*** Given records Section Begins ***
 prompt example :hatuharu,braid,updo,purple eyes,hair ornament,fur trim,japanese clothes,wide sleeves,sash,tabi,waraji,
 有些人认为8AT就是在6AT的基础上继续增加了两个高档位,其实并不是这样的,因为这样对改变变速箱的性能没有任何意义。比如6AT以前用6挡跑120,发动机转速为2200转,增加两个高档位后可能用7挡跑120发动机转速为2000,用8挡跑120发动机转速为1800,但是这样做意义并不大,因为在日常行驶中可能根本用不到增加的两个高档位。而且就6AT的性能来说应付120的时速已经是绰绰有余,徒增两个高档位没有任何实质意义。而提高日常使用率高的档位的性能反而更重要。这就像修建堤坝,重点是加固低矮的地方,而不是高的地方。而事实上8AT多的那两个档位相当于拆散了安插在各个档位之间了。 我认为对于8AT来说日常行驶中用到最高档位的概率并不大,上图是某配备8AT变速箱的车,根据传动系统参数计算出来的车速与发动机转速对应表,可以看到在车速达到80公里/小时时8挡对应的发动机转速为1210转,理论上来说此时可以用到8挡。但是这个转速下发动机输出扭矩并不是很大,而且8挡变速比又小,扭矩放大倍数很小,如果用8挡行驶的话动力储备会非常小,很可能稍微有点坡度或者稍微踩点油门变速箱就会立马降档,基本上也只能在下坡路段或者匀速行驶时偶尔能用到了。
*** Given records Section Ends ***
*** Given records Section Begins ***
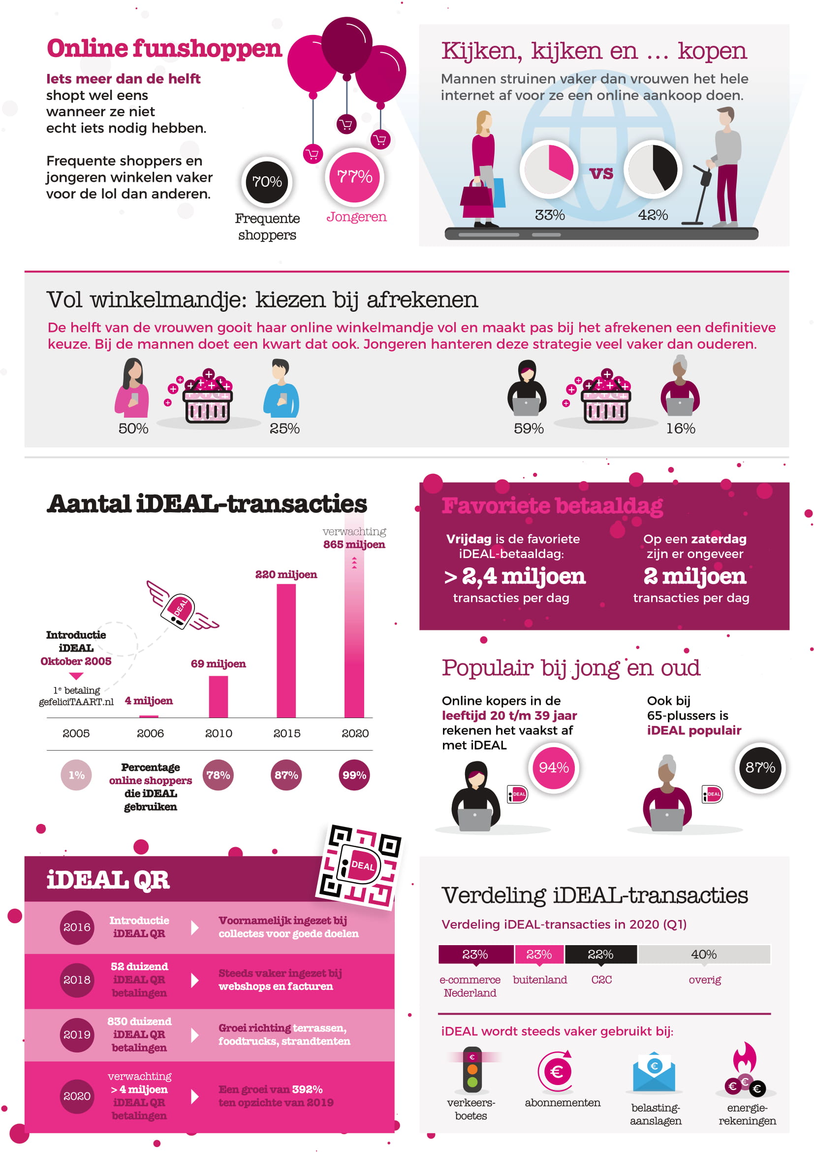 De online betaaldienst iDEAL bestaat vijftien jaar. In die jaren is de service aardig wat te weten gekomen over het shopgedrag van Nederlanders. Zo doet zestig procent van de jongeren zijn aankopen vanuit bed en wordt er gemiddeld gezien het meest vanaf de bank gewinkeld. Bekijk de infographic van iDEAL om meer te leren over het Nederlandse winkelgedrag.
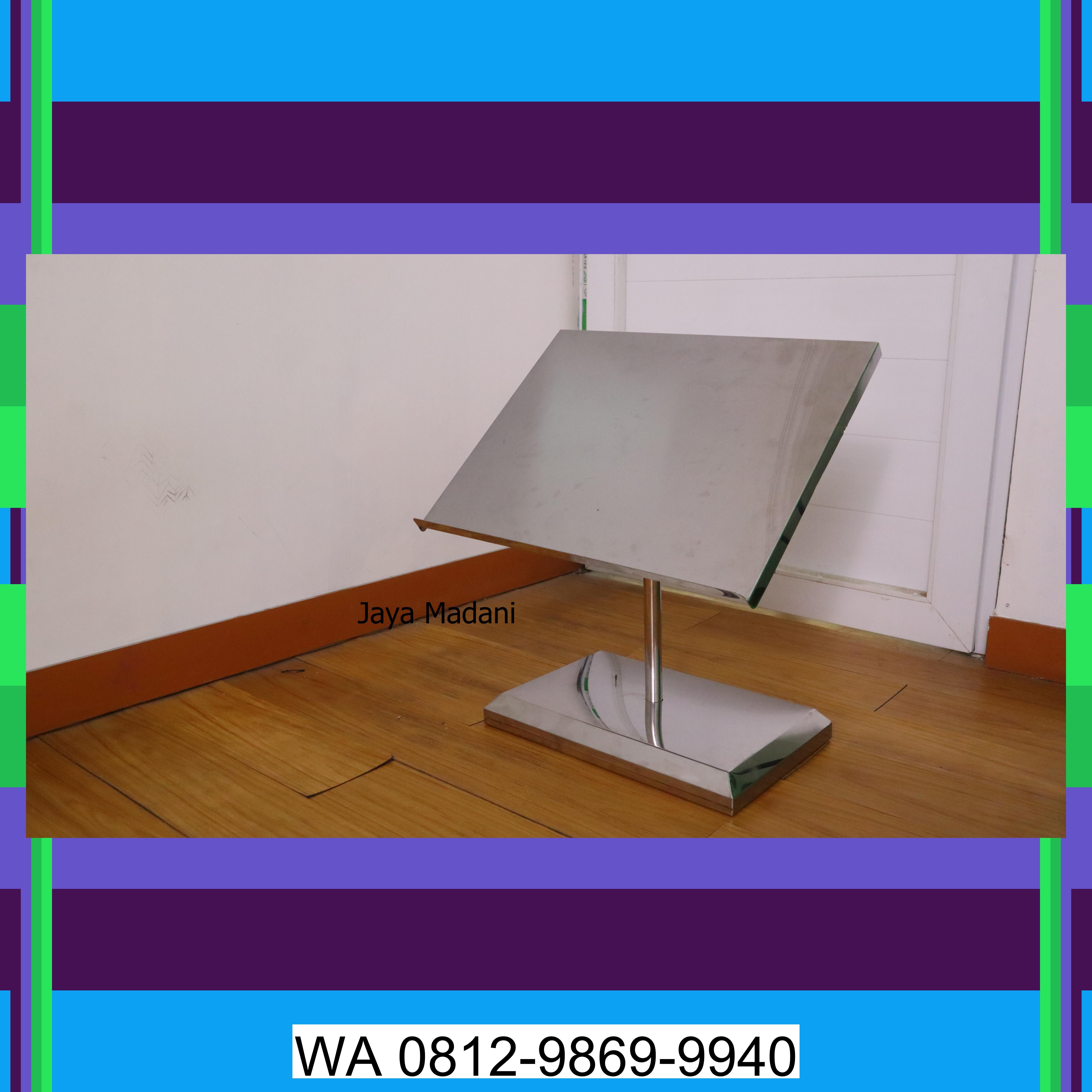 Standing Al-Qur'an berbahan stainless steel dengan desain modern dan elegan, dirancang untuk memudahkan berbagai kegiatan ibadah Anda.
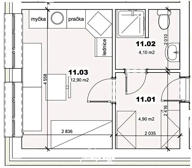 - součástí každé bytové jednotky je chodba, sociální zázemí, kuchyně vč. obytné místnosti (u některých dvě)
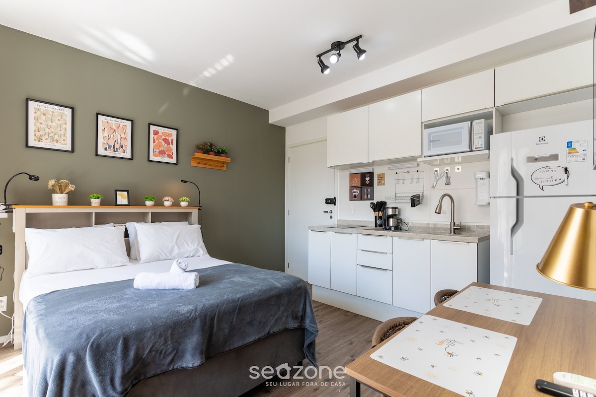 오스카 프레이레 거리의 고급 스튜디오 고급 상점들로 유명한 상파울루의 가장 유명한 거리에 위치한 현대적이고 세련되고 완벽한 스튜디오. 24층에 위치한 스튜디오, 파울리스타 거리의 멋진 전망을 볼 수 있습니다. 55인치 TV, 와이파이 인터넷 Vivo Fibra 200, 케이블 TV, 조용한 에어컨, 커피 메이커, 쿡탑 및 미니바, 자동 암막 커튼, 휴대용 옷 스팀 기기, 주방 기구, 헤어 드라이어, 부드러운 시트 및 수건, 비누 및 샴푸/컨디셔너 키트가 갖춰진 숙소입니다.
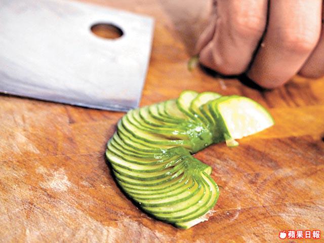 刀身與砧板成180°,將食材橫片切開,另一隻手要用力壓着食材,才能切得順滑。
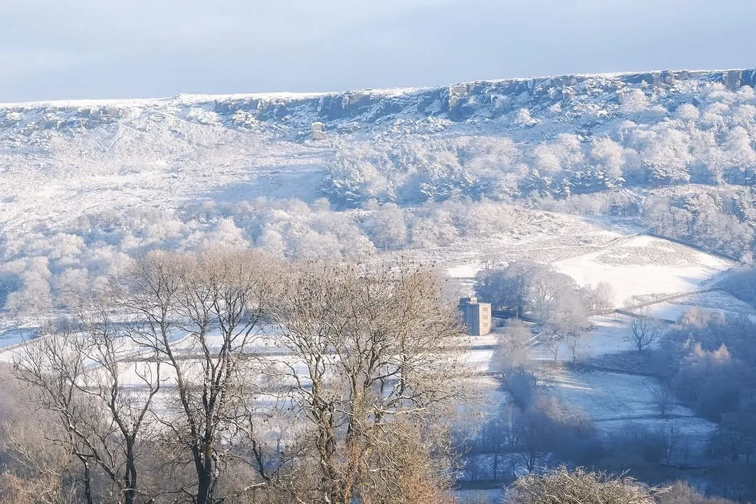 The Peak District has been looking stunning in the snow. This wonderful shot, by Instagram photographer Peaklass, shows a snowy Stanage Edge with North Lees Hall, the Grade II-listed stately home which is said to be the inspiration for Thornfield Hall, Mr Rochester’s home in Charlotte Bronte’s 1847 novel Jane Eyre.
*** Given records Section Ends ***
*** Given records Section Begins ***
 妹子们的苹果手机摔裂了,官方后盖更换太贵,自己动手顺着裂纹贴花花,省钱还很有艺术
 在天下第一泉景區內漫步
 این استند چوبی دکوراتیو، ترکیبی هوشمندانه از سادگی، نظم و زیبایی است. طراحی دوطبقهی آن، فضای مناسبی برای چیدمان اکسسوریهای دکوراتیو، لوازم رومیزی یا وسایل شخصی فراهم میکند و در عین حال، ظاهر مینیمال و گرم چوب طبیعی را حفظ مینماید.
*** Given records Section Ends ***
* Directions for this task *
Copy out only the lines above from the one with "在天下第一泉景區內漫步" to the one with "این استند چوبی", inclusive, exactly as they stand.

* Exercise output *
 在天下第一泉景區內漫步
 این استند چوبی دکوراتیو، ترکیبی هوشمندانه از سادگی، نظم و زیبایی است. طراحی دوطبقهی آن، فضای مناسبی برای چیدمان اکسسوریهای دکوراتیو، لوازم رومیزی یا وسایل شخصی فراهم میکند و در عین حال، ظاهر مینیمال و گرم چوب طبیعی را حفظ مینماید.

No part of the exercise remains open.